Rockets, Bells and Ribbons

Lola, as her adoptive mother had always said she would, landed on the earth with a bump.

It was dark-and instinctively she felt round for her cigarettes but sighed.

“You gave up over a year ago.”

Said a voice in her head, and she realised that she had no desire for cigarettes.

“How odd.” she thought.

It reminded her of a talk she had wandered into once about Buddhism and being without desire which had seemed terribly strange at the time as she had been sipping a large gin and tonic and smoking a copious amount of cigarettes.

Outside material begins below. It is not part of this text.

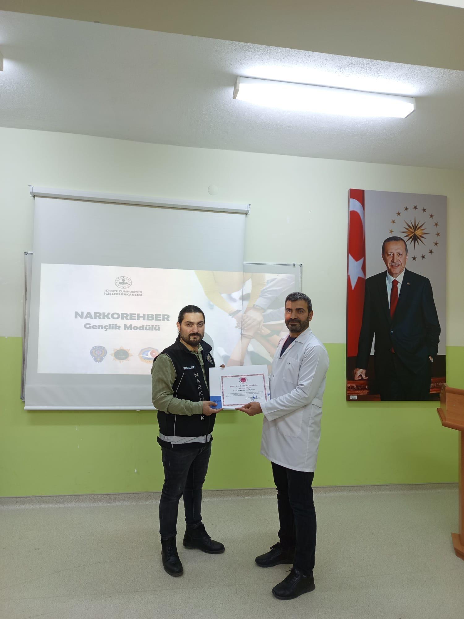 Yozgat İl Emniyet Müdürlüğü Narkotik Suçlarla Mücadele Şube Müdürlüğü tarafından Yüksekokulumuz öğrencilerine yönelik uyuşturucu ve uyarıcı maddeler hakkında bilgilendirici bir eğitim gerçekleşmiştir.

“It’s all about me!” she thought-and not for the first time-but this was different.

“What was life like before that horrid old Dorking when I was a mere girl-and what was life like before Max, melodrama,being undead and everything else?”

She thought.

I wonder what it would be like if I was ordinary thought Lola, because she knew full well that she was special.

The ground beneath her feet was warm and felt like sand and she looked above her and the sky ahead of her was darkening and full of awakening stars; a physicist like Dorking might have told her that they were rocks in space, but they sparkled so like diamonds or even rhinestones.

She felt a meeting was about to take place or perhaps a communion was the right word.

It felt like it could have been the very ends of the earth or the beginning, but she supposed there wasn’t much difference-not many people gave Lola enough credit for her innate understanding of the esoteric or her profound intellectual  abilities and knack for predicting the future through deduction but like Cassandra no-one believed her she suspected it was because she was beautiful.

She felt a sense of freedom that she’d never had before, even when she was in Transylvestite and flying.

Lola was barefoot and sinking lightly into the sand, but that was fine as for once there was no Dorking or Max to impede her.

She strode through the sand but found that there was an invisible barrier that she was hitting.

There was a definite clunk as she hit something like thick glass that hurt her knees.

“Maybe I should give up!” a voice in her head said.

“Maybe I need a rest.”  she thought,sinking into the sand.

“Lola, Lola, wake up!” she heard distantly, and she was floating on a raft out to sea, too warm and tired to object.

“This is what they did to witches!” came another voice “And you can’t swim.”

“Oh yes we were witches once, and I was a prophetess!” said Lola groggily sitting up, but she was on the sands again looking at the sea.

“I’m nearly there!” she thought, “I can do it, and I must.”

Most people needed help but Lola was a lone force of natureshe pointed herself in the right direction, thought briefly of Padraig and carried on.

“Oh well, ” she thought, this is either a dream or an hallucination but it’s at least beyond the usual cliches.